I have a problem to solve. I need to create new columns from given key_words
list and sum their occurrence in data frame.
key_words = ['apple', 'animal', 'everyone']
input data frame:
id | description | xx |
---|---|---|
1 | Apple is a healthy fruit. Everyone should eat it. | .. |
2 | Lion is a denagerous animal. | .. |
3 | Everyone likes him. | .. |
what I want to get:
id | description | xx | apple | animal | everyone |
---|---|---|---|---|---|
1 | Apple is a healthy fruit.
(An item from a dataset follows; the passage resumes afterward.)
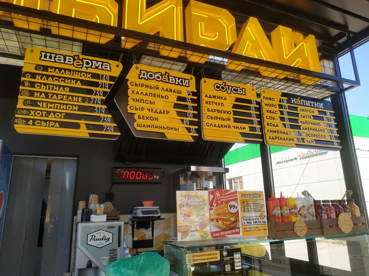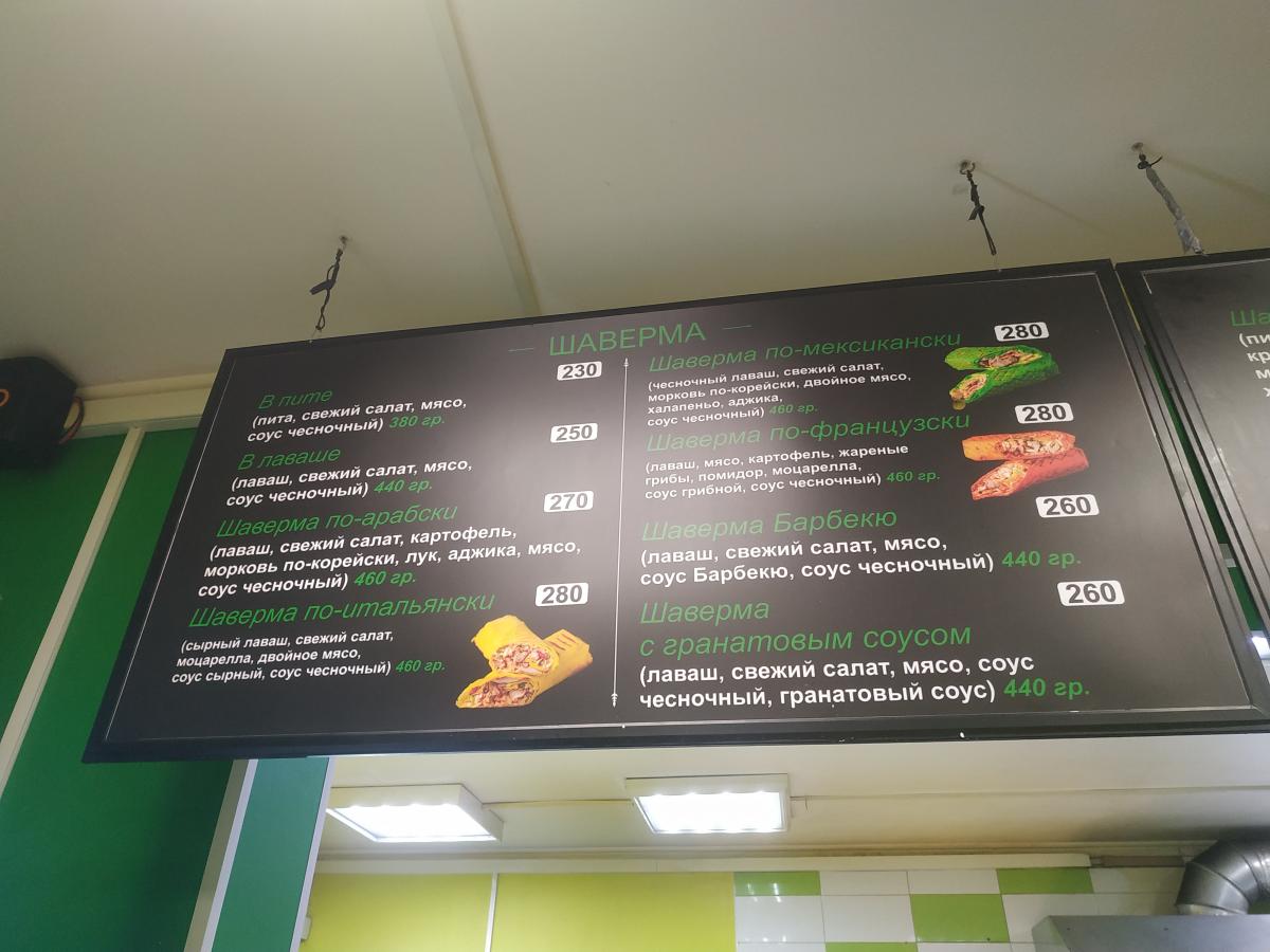 Форсят уже около 3-х недель шавермочную по всем интернетам. Из-за вывески конечно. Сейчас замотали, ибо 25 отдел полиции не оценил креатива (со слов шавермье). По сути ничего особенного там нет. На хайпе цены заряжают космические, а народ всё одно валит. Вот и я стал жертвой маркетинга. Брал малую шаву с грибами и сыром (280р) банка колы 0.33 (80р) горячий шоколад 150 мл (100р) с/у нет, пива нет. Кофе 8 вариантов, всё по 100р. Само помещение 3х3 с 2 высокими стойками и бырными стульями вдоль стен. Хуйня короче.

Everyone should eat it. | .. | 1 | 0 | 1 |
2 | Lion is a dangerous animal. | .. | 0 | 1 | 0 |
3 | Everyone likes him. | .. | 0 | 0 | 1 |
any help much appreciated.
CodePudding user response:
This will work for you
key_words = ['apple', 'animal', 'everyone']
for key in key_words:
df[key] = df['description'].str.lower().str.count(key)
CodePudding user response:
keys = ['apple', 'animal', 'everyone']
df['apple'], df['animal'], df['everyone'] = (
zip(*list([len(re.findall(f'(?i){k}', r)) for k in keys] for r in df['description']))
)